Congratulations! You’ve annexed Canada! You are now the proud owner of 9.985 million square kilometres (whoops, I mean 3.8 million square miles!) of diverse and rugged terrain, most of it uninhabitable for six to twelve months of the year!
There’s some fresh water there, but you’ll find that most of it doesn’t flow south. There’s also oil, but most of it’s buried in sand. If you dig deep enough and add enough of that fresh water, though, you can ship it wherever you want. Oh, wait, you do that already? Well, take some more!
Now that you own our north, I’m sure you’ll enjoy some cheap vacations (whoops, not anymore with the Canadian dollar gone!) to our northern lakes where you can fish, canoe and swat at mosquitoes for days without any cell phone coverage. It’s the dream getaway for the average American!
You’ll also have access to a diverse francophone community called Quebec, which will inevitably want to separate upon your arrival. They will cause you endless headaches if you act the way you normally do. They don’t like you. No, they really don’t like you.

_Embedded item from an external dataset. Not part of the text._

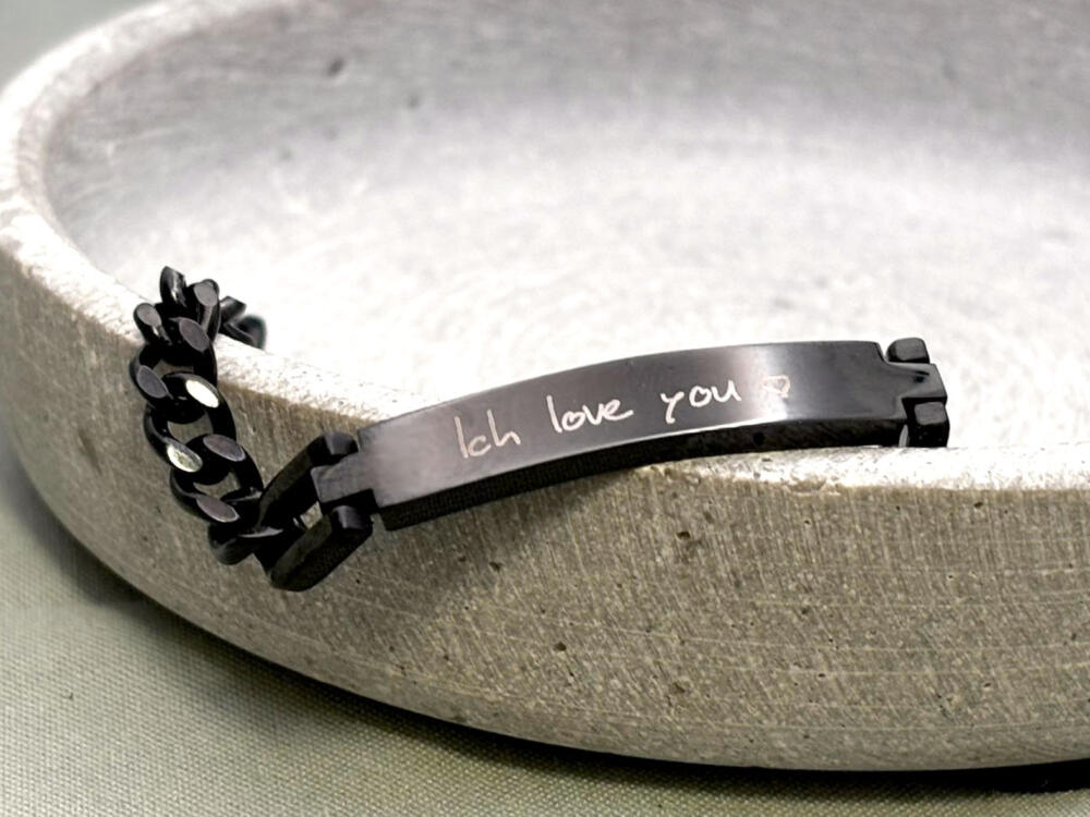 Auf der großen Gravurfläche haben Individuelle Grafiken, Handschriften und auch Notfall Informationen wie Telefonnummern, Krankheiten und Allergikerhinweise Platz. Es eignet sich auch als Demenzarmband und  SOS Armband.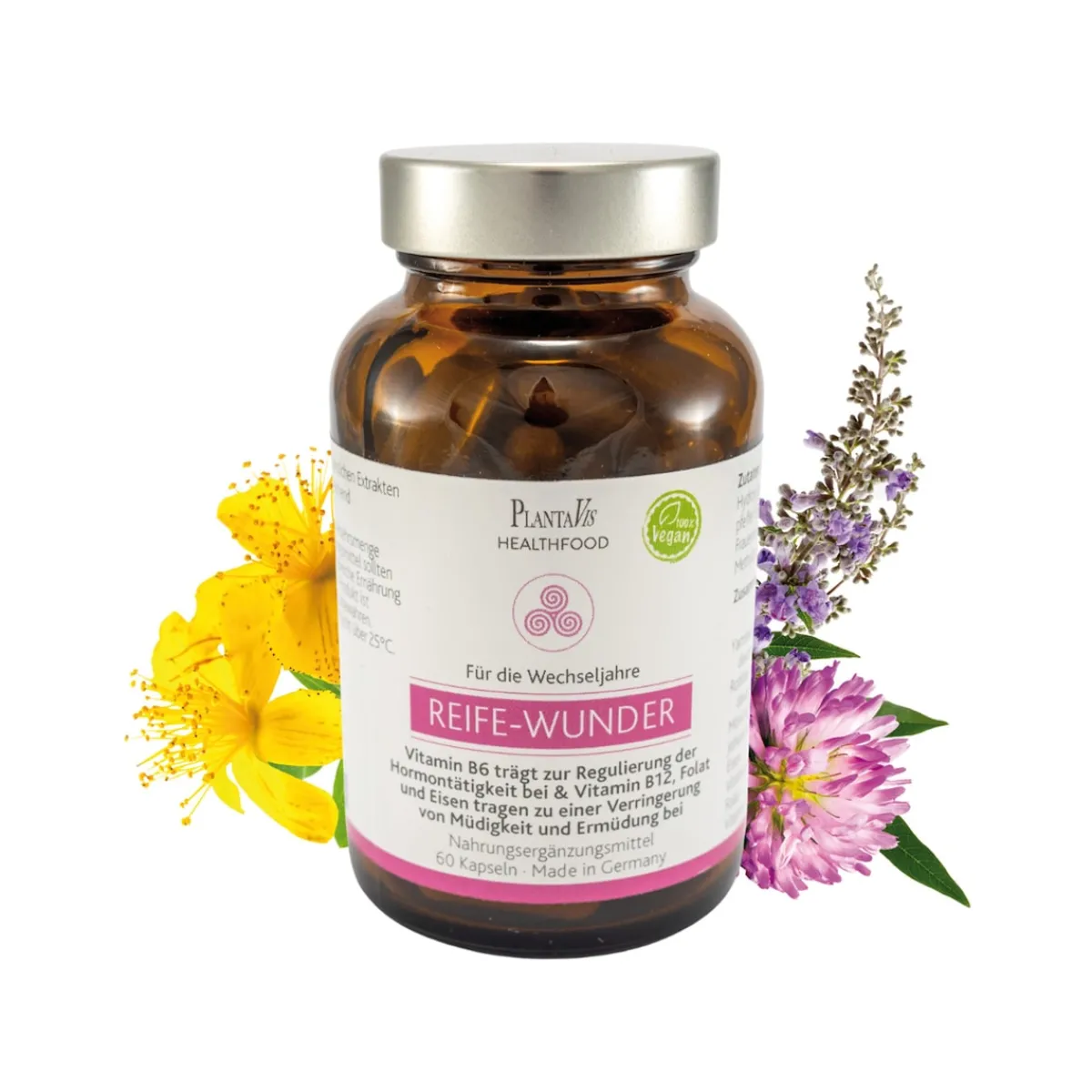 Das Reife-Wunder wurde speziell für die Wechseljahre konzipiert und enthält sorgfältig ausgewählte Pflanzen Extrakte, unter anderem aus Yamswurzel, Rotklee und Salbei. Dabei bauen wir auf das jahrhundertealte Wissen aus der natürlichen Frauenheilkunde.

Naturally, with annexation we expect full political representation for each of our provinces (ahem, now states) with two senators each, which amounts to 20 senators in your new 120-member senate. Hey, if Wyoming with a population of 584,000 gets two senators, so should P.E.I.! And let’s throw in one for each of our territories while we’re at it!
We would also expect a full slew of former Canucks (no, not hockey players!) in your House of Representatives to rebalance the fulcrum of power a little to the left of Bernie Sanders. As for your antiquated Electoral College, we expect even more electoral votes than what California receives. Given our population, this should make us the most prized winner-takes-all basket of electoral votes in the next presidential election.
I doubt we’ll be a “red” state. While it’s true that as former Canadians, we voted conservative from time to time, our right-wing parties looked more like your centrist Democrats. Our biggest fights were over a “carbon tax” – that’s right, a tax on pollution, something you’ve never even heard of!
On the financial side of things, we look forward to getting paid in American dollars. International travel just got so much cheaper! We will also enjoy touring freely into your turf without having to deal with ornery border guards who confiscate our apples and oranges and ask us meaningless questions like whether we’ve visited a farm or ever used cannabis. Of course we have! And we’re not giving it up either!
That’s right, you’ve just adopted a northern Oregon! We’re quite progressive. But how would you know? You’ve never paid any attention to us until now!
We can also be a little needy. We actually like it when our government takes care of us. Rest assured – we will be lobbying Congress for extensive social programs for all Americans. That’s right, I'm talking about publicly funded education, transportation, dentalcare, childcare and, of course, healthcare for everyone! Not even the wealthiest Americans will escape the scourge of lengthy surgical wait times!! Ha, ha, ha!!!
Sigh. It’s good to have a laugh in such ridiculous times.